* [Given material]

......

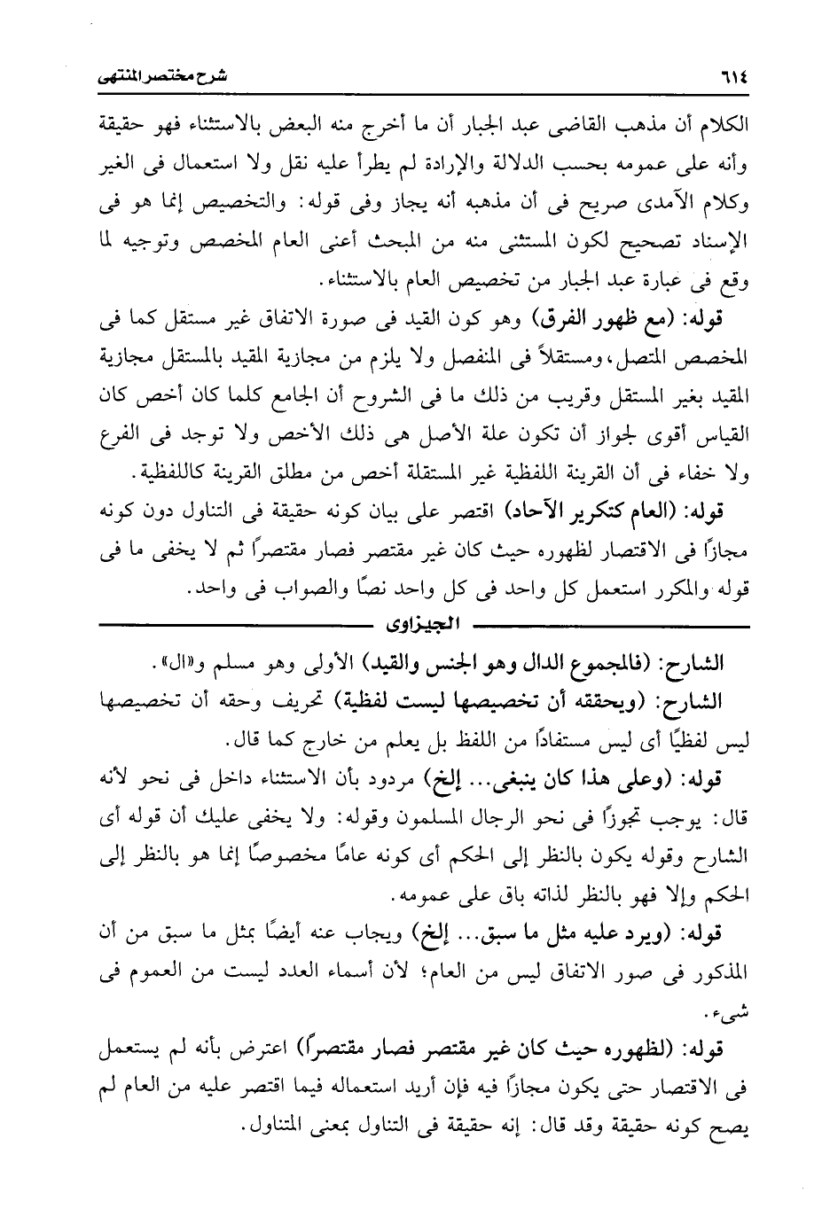 الكلام أن مذهب القاضى عبد الجبار أن ما أخرج منه البعض بالاستثناء فهو حقيقة وأنه على عمومه بحسب الدلالة والإرادة لم يطرأ عليه نقل ولا استعمال فى الغير وكلام الآمدى صريح فى أن مذهبه أنه يجاز وفى قوله: والتخصيص إنما هو فى الإسناد تصحيح لكون المستثنى منه من البحث أعنى العام المخصص وتوجيه لما وقع فى عبارة عبد الجبار من تخصيص العام بالاستثناء.
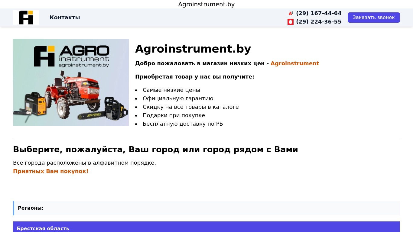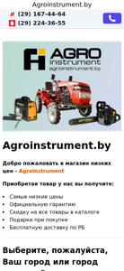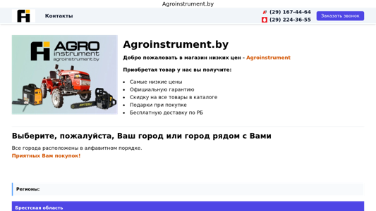 | AI-анализ | This online resource, Agroinstrument.by, is an e-commerce website offering agricultural instruments at the lowest prices. Customers can purchase items with official guarantees and enjoy discounts on all products in the catalog. The site also offers free shipping within Belarus. Users can select their city from a list, arranged alphabetically, for more specific information. The company's contact details include two phone numbers: (29) 167-44-64 and (29) 224-36-55. The website operates from 09:00 to 23:00 and provides an email address, agroinstrument.shop@gmail.com, for customer inquiries. The Unified State Register of Enterprises identifies the company with the UNP number 193543133. The website includes a tag for ' |
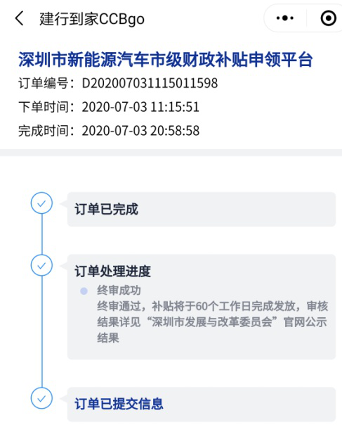客戶可通過i深圳微信公眾號(hào)、深圳市發(fā)展和改革委員會(huì)官方網(wǎng)站或微信公眾號(hào)、深圳交警微信公眾號(hào)或建行到家CCBgo小程序登錄“深圳市新能源汽車市級(jí)財(cái)政補(bǔ)貼申領(lǐng)”平臺(tái)。
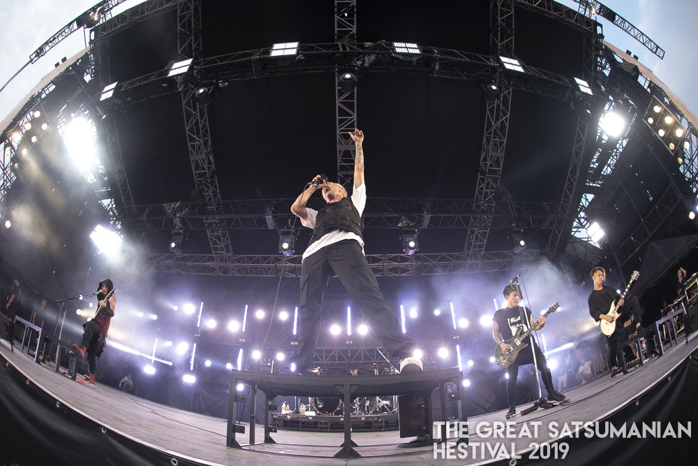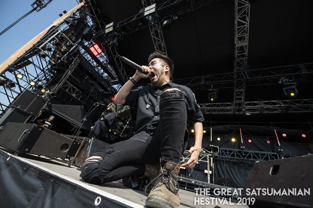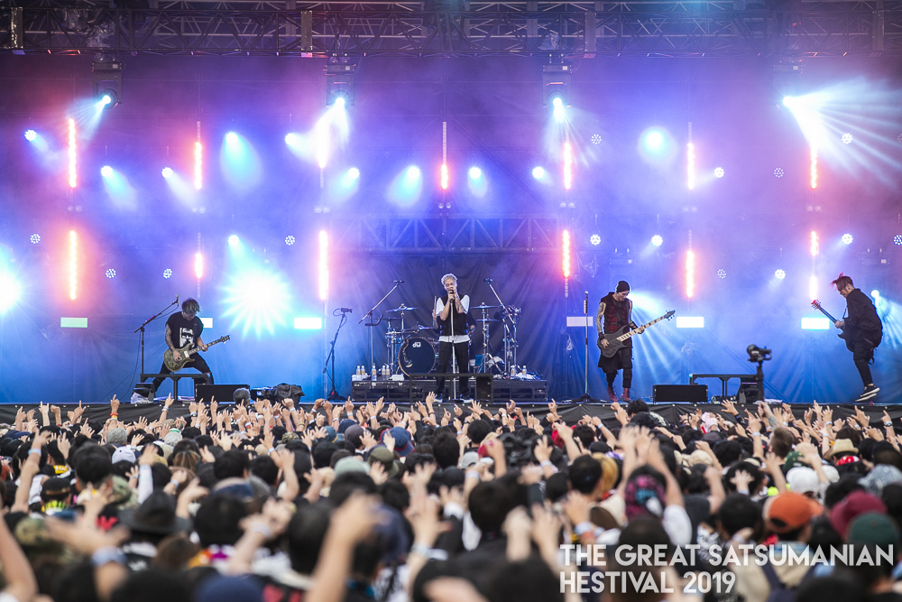 ハナレグミがチルタイムを演出し、時間帯的にもいくぶん涼しくなってきた桜島にcoldrainが再び火をつけた。まずは、「REVOLUTION」「ENVY」という人気曲で彼らにとって初となる鹿児島の地の感触を確かめる。そして、「(彼らの次に薩摩に登場する)マキシマム ザ ホルモンのためにあなたたちの体力1ミリも残すつもりありませんから!」と観客を挑発し、「FINAL DESTINATION」へ。終始安定したパフォーマンスを見せる彼らだが、なかでも「NO ESCAPE」は特によかった。キャッチーな歌メロを引き立たせるY.K.CとSugiによるツインギターがグイグイと曲を牽引し、実際のBPM以上の疾走感を吹き込んでいた。初の鹿児島で若干勝負に出たところもあったと思うが、新曲「THE SIDE EFFECTS」もいい反応を得られていたようだ。これには「いいね! いいね!」とMasato(Vo)。そして早くも、「来年もよろしくお願いしますね!」と運営側に2020年に向けて出演アピール。言葉だけではなく音楽で示すかのように、「F.T.T.T」では1度2度とサークルピットを作らせ、ラストへ向けてキッズとともに駆け抜けていく。

......

* [Required work]
Transcribe all of the material exactly, leaving out whatever pictures it contains.

* [Exercise result]
 الكلام أن مذهب القاضى عبد الجبار أن ما أخرج منه البعض بالاستثناء فهو حقيقة وأنه على عمومه بحسب الدلالة والإرادة لم يطرأ عليه نقل ولا استعمال فى الغير وكلام الآمدى صريح فى أن مذهبه أنه يجاز وفى قوله: والتخصيص إنما هو فى الإسناد تصحيح لكون المستثنى منه من البحث أعنى العام المخصص وتوجيه لما وقع فى عبارة عبد الجبار من تخصيص العام بالاستثناء.
 | AI-анализ | This online resource, Agroinstrument.by, is an e-commerce website offering agricultural instruments at the lowest prices. Customers can purchase items with official guarantees and enjoy discounts on all products in the catalog. The site also offers free shipping within Belarus. Users can select their city from a list, arranged alphabetically, for more specific information. The company's contact details include two phone numbers: (29) 167-44-64 and (29) 224-36-55. The website operates from 09:00 to 23:00 and provides an email address, agroinstrument.shop@gmail.com, for customer inquiries. The Unified State Register of Enterprises identifies the company with the UNP number 193543133. The website includes a tag for ' |
客戶可通過i深圳微信公眾號(hào)、深圳市發(fā)展和改革委員會(huì)官方網(wǎng)站或微信公眾號(hào)、深圳交警微信公眾號(hào)或建行到家CCBgo小程序登錄“深圳市新能源汽車市級(jí)財(cái)政補(bǔ)貼申領(lǐng)”平臺(tái)。
 ハナレグミがチルタイムを演出し、時間帯的にもいくぶん涼しくなってきた桜島にcoldrainが再び火をつけた。まずは、「REVOLUTION」「ENVY」という人気曲で彼らにとって初となる鹿児島の地の感触を確かめる。そして、「(彼らの次に薩摩に登場する)マキシマム ザ ホルモンのためにあなたたちの体力1ミリも残すつもりありませんから!」と観客を挑発し、「FINAL DESTINATION」へ。終始安定したパフォーマンスを見せる彼らだが、なかでも「NO ESCAPE」は特によかった。キャッチーな歌メロを引き立たせるY.K.CとSugiによるツインギターがグイグイと曲を牽引し、実際のBPM以上の疾走感を吹き込んでいた。初の鹿児島で若干勝負に出たところもあったと思うが、新曲「THE SIDE EFFECTS」もいい反応を得られていたようだ。これには「いいね! いいね!」とMasato(Vo)。そして早くも、「来年もよろしくお願いしますね!」と運営側に2020年に向けて出演アピール。言葉だけではなく音楽で示すかのように、「F.T.T.T」では1度2度とサークルピットを作らせ、ラストへ向けてキッズとともに駆け抜けていく。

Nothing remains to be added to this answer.